August 20, 2015

Endings

I just said goodbye to one of my favorite people on earth after the most fantastic two weeks together. We hiked mountains, played tons of card games, ate lots of food, went on fancy dates, found the coolest coffee shops, built airplanes, played laser tag, went shopping, and talked for hours and hours. I can't explain how happy I've been these last two weeks. It's the perfect break before the start of college and the end of this peaceful break.

I still get another week before I fly off, and I'm looking forward to the time with my family and old friends here in Colorado. My sister and I still have a nail painting date we've been putting off since it's not exactly something my boyfriend would find super entertaining. So this week will be a lot of fun.

But. That doesn't change the fact that my boyfriend is now on the way to Texas in a beat up little pink car which hopefully still has enough life to get out of the Colorado mountains. Even after assuring him I wouldn't cry I lost a couple of tears while we prayed for his trip, the upcoming semester, and the end of the summer and thanked God for the awesome summer we've had so far. It's just so hard saying goodbye, knowing that it will be so long until the next time we're together and then it will just be another short trip before months apart again.

We really did have pretty awful timing with this whole thing.

But I don't want to complain. We both go back to great schools perfectly tailored to our majors. His smart people, hard classes engineering school makes him smile like a fool and he can talk for hours about the projects he's done, 3D printer and gloves to let blind people see. I loved being able to hear him talk about it and watch his face light up because he just loves engineering so much.

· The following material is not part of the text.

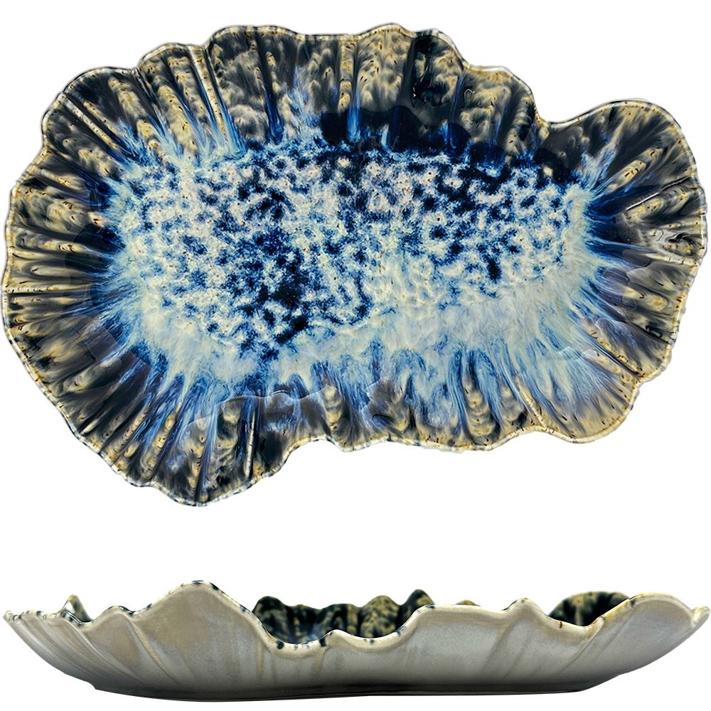 Each plate is a unique masterpiece, hand-decorated in shades of deep blue and with jagged and shaded edges that evoke the island's iconic stacks.

And while he commented that I have a much quieter excitment, I am thrilled to be at a school where writing is a community and I'm not the weird one who loves poetry, but instead one of many. I have a couple of new professors and a lot of work ahead of me, but I feel ready for a new semester.

I'm not looking forward to the rest of the goodbyes and I wish I could keep all the people I love the most together in one place, but if God wants me in Vermont then I'm going to go to Vermont. No matter how scattered my family and friends may be, I know God is scattered along with them but also set and stable right beside me, no matter where I am.

I can't go far enough away to escape Him.